Mango, Süt, Ekmek, Paspas
İzmir’den emekli bir işçi
WhatsApp’ta üzerinde mango, marakuya, papaya yazıları ve adı yazılı meyvelerin yer aldığı paspasın resmini çekerek durum yaptım evvelki gün. Malum üç harfli ve mantar gibi her mahallede bulunan marketlerden birine gitmiştim. Çalışan gence “mango, marakuya, papaya var mı?” diye sordum. Genç işçi “abi bu şubeye o ürünler gelmiyor. En yakın Hatay veya Karataş şubeye giderseniz bulursunuz. Sizin dışınızda mango meyvesini soran müşterim hiç olmadı. Ama almak isterseniz üzerinde mango resmi olan paspas var” diyerek paspasların olduğu reyona doğru gitti. Ben de peşinden gittim. Market çalışanı paspası burnumun dibine dek yaklaştırıp uzaklaştırdı. Dilimlenmiş mango, marakuya ve papaya resimleri ziyadesiyle iştah kabartıyordu. İştahımı bastırarak delikanlının “müşterim” ifadesine odaklanmıştım. Bu nedenle bir paspasa, bir işçiye bakıp durdum. Alıcı olduğuma ziyadesiyle ikna olmuştu. “Bakın paspasların set olanı da var” diyerek set olan paspası alarak “buyurun kasaya gidelim” dedi.

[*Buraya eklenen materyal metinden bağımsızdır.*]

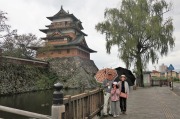 お城の南西側からは戦国時代の大天守と小天守、江戸期の泰平の時代に増設された辰巳附(たつみつけ)櫓、月見櫓と、城の全景が見渡せます。 |
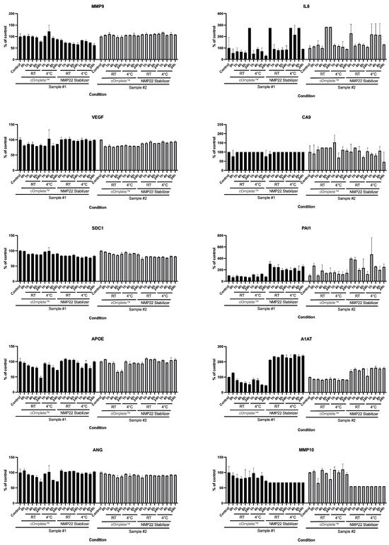 Effect of commercial preservative formulations on 10 bladder cancer biomarker levels in human urine specimens. The addition of neither cOmplete™ Protease Inhibitor Cocktail nor the urine stabilizer provided in the Alere NMP22 Urine Collection Kit prevented changes in Oncuria-measured levels of the 10 urinary analytes in urine, such as decreased levels of analytes including MMP9, SDC1,APOE, A1AT, ANG, and MMP10 when samples from two individuals were stored at room temperature or at 4 °C for up to 24 h. In addition, the NMP22 stabilizer increased the levels of IL8, PAI1, and A1AT. The results suggest that these preservatives did not stabilize some analytes but reduced the accuracy of this assay. Error bars indicate the standard deviation of the mean.

Kasanın önünde “delikanlı şöyle bir tut da resmini çekeyim” diyerek paspasın resmini çektim. Satın alacakmışım gibi paspas setini market arabasının içine koydum. Market çalışanı bu genç işçiye “müşterim, dedin. Bu market senin mi?” diye sordum safça. Genç işçi “yok abi ya nerde o günler? Biz zincir marketiz. Bizim markette çalışan hepimize işe alınırken ‘markete gelen herkes sizin müşterinizdir’ diye tembihlenir. Müşteriyle biz muhatap oluyoruz” diyerek işe alındıklarında imzaladıkları sözleşmede neler olduğunu anlattı. Bu gençler patronlarının kendilerine öğrettiklerini ezbere sayıp döküyorlar ama sıra kendi haklarına geldiğinde ümmi kesiliyorlar. Marketin en dip köşesini bile gözetleyen sayısız kamera yerleştirilmiş durumda. Artık sadece bebek mamalarını değil, un çuvallarını da zincirlerle, anahtarlarla kilitliyorlar. Aklıma George Orwell’in 1984’ü geldi, oradaki bir ifade biraz değişerek bugün de geçerli; patronun hakları için çok konuş! Sıra işçilere geldiğinde kepli hemşirenin işaret parmağını ağzına götürmesi gibi “susun” diyorlar.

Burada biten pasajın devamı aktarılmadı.